Question

A and B are two events such that \(\rm P(A) = \dfrac{1}{2}\), \(\rm P(B) = \dfrac{1}{3}\) and \(\rm P(A\cap B) = \dfrac{1}{4}\). The values P(A|B) and P(B|A) are:

1. \(\rm \dfrac{1}{6},\ \dfrac{1}{6}\)
2. \(\rm \dfrac{2}{3},\ \dfrac{3}{2}\)
3. \(\rm \dfrac{3}{4},\ \dfrac{1}{2}\)
4. \(\rm \dfrac{3}{4},\ \dfrac{1}{4}\)
5. None of these

Answer 1

Correct Answer - Option 3 : \(\rm \dfrac{3}{4},\ \dfrac{1}{2}\)

Concept:

If A and B are two events, then the conditional probability of A given B is defined as:
\(\rm P(A|B)=\dfrac{P(A\cap B)}{P(B)}\), when P(B) > 0.

Solution:

Given that , \(\rm P(A) = \dfrac{1}{2}\), \(\rm P(B) = \dfrac{1}{3}\) and \(\rm P(A\cap B) = \dfrac{1}{4}\).

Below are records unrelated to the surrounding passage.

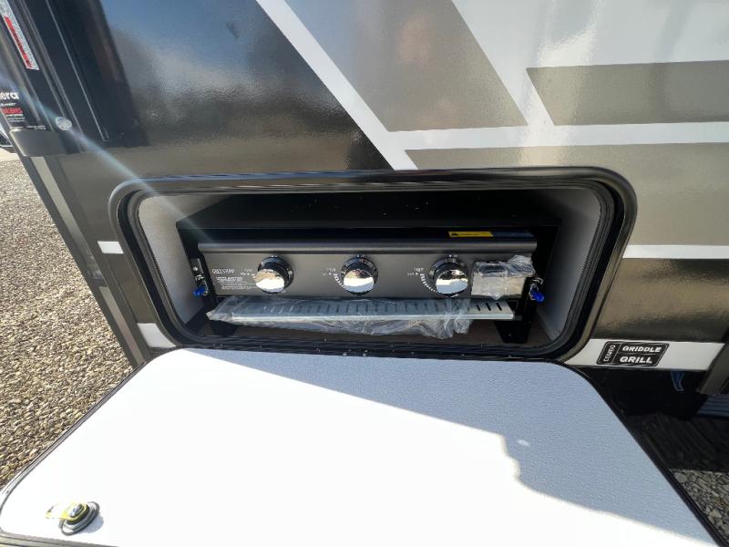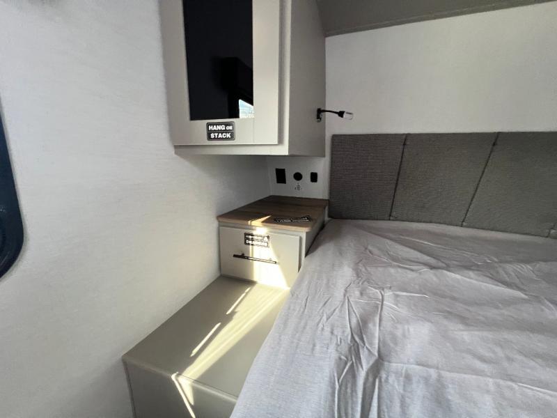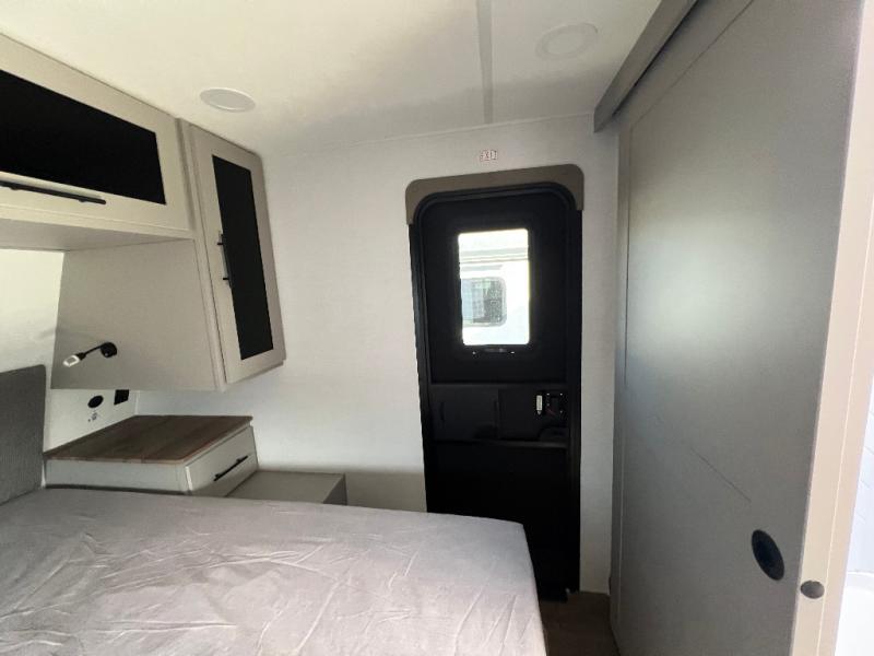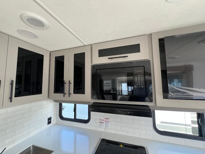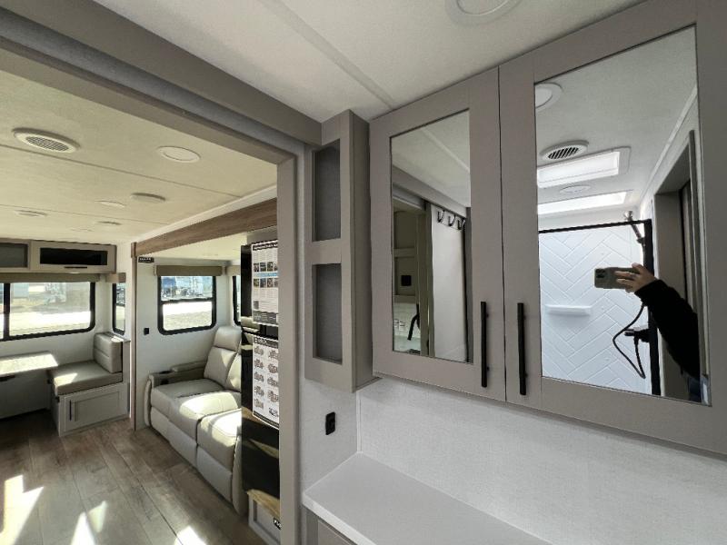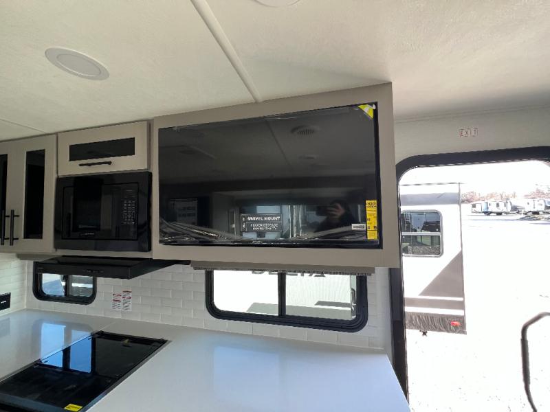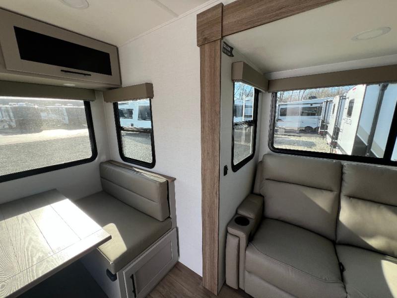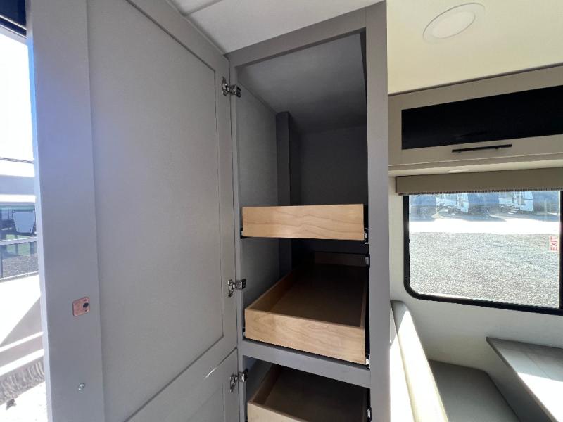 Grab your hiking boots and your sense of adventure for fun camping trips in this single slide out travel trailer. The rear booth dinette includes overhead storage for your things and the sofa slide out is in great view of the 40" HDTV. There is also a fireplace here that will make your space feel more like home plus more storage space, including a pantry with pull out trays and storage above the 10 cu. ft. 12V refrigerator. A walk-through bath will take you to the front master bedroom with a queen bed, wardrobe nightstands, plus its own exterior entry door!
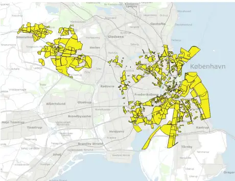 Dette eksempel tager udgangspunkt i en søgning i forhold til kommunegrænser.
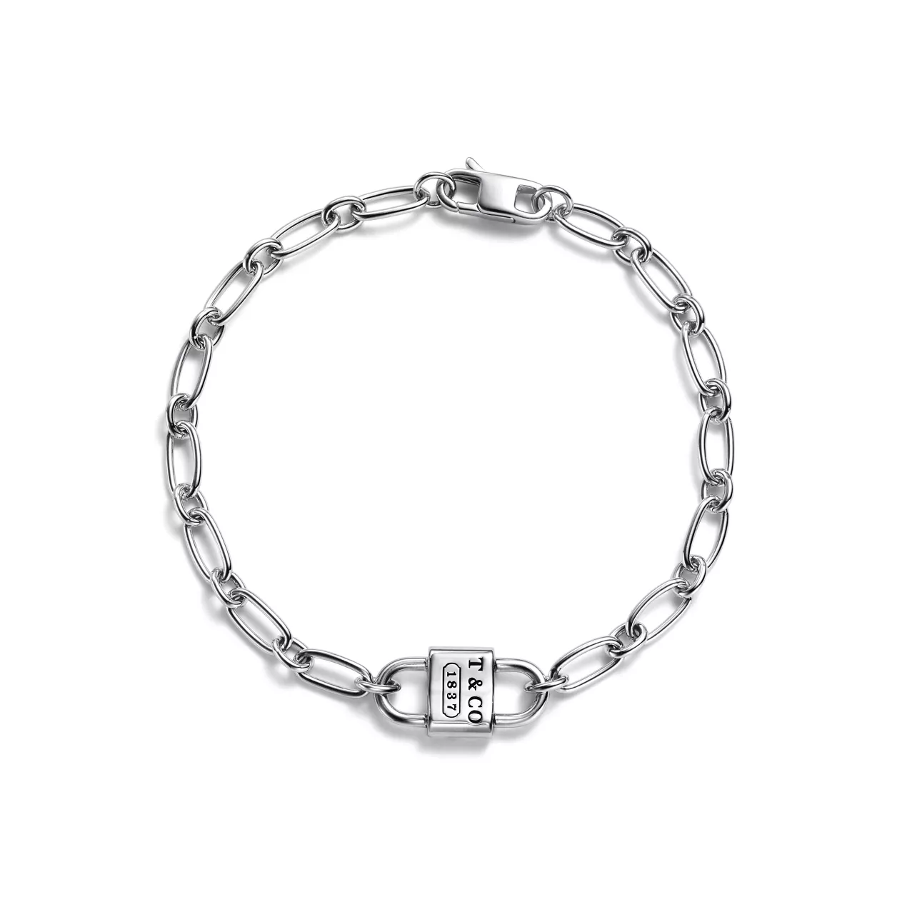 La colección Tiffany 1837™ muestra con orgullo la inscripción del año en que se fundó Tiffany y se define por sus delicados contornos y curvas. El candado con doble cierre añade un toque moderno a este diseño de inspiración tradicional. Puede llevar esta pulsera sola o combinada con otros diseños de la colección Tiffany 1837™.
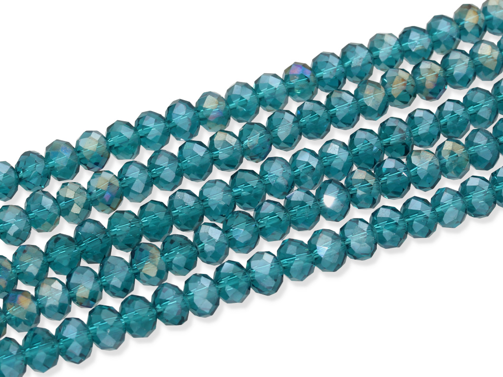 Szkło kryształowe w kształcie oponki fasetowanej, sprzedawane w sznurach bez zapięcia, służących do samodzielnego tworzenia biżuterii. Cena dotyczy jednego sznura o długości ~ 18 cm, który podczas kompletowania zamówienia jest wybierany losowo.
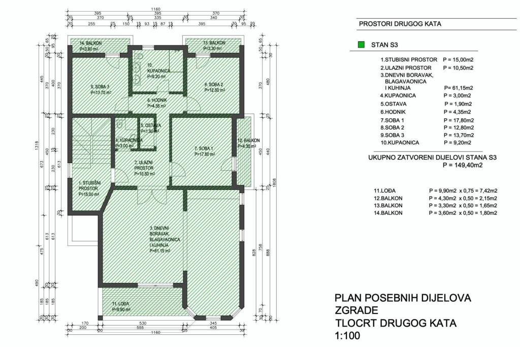 Apartment S-3 – 2nd floor (penthouse) – living area 134.40 m2 (3 bedrooms + 2 bathrooms) + loggia (10 m2 - J) + 3 x balconies (4.3 + 3.6 + 3.3 m2) + attic storage (23.35 m2) + garage parking space GPM1 (16 m2) + outdoor parking space PM3 (14.50 m2), net calculated area 163.69 m2 = 595,000 EUR
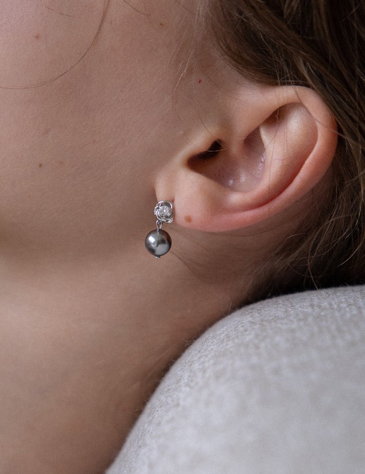 [메리모티브] 장미 실버 진주 드롭 귀걸이 (Free)

\(\rm P(A|B)=\dfrac{P(A\cap B)}{P(B)}=\dfrac{\tfrac{1}{4}}{\tfrac{1}{3}}=\dfrac{1}{4}\times\dfrac{3}{1}=\dfrac{3}{4}\).

\(\rm P(B|A)=\dfrac{P(A\cap B)}{P(A)}=\dfrac{\tfrac{1}{4}}{\tfrac{1}{2}}=\dfrac{1}{4}\times\dfrac{2}{1}=\dfrac{1}{2}\).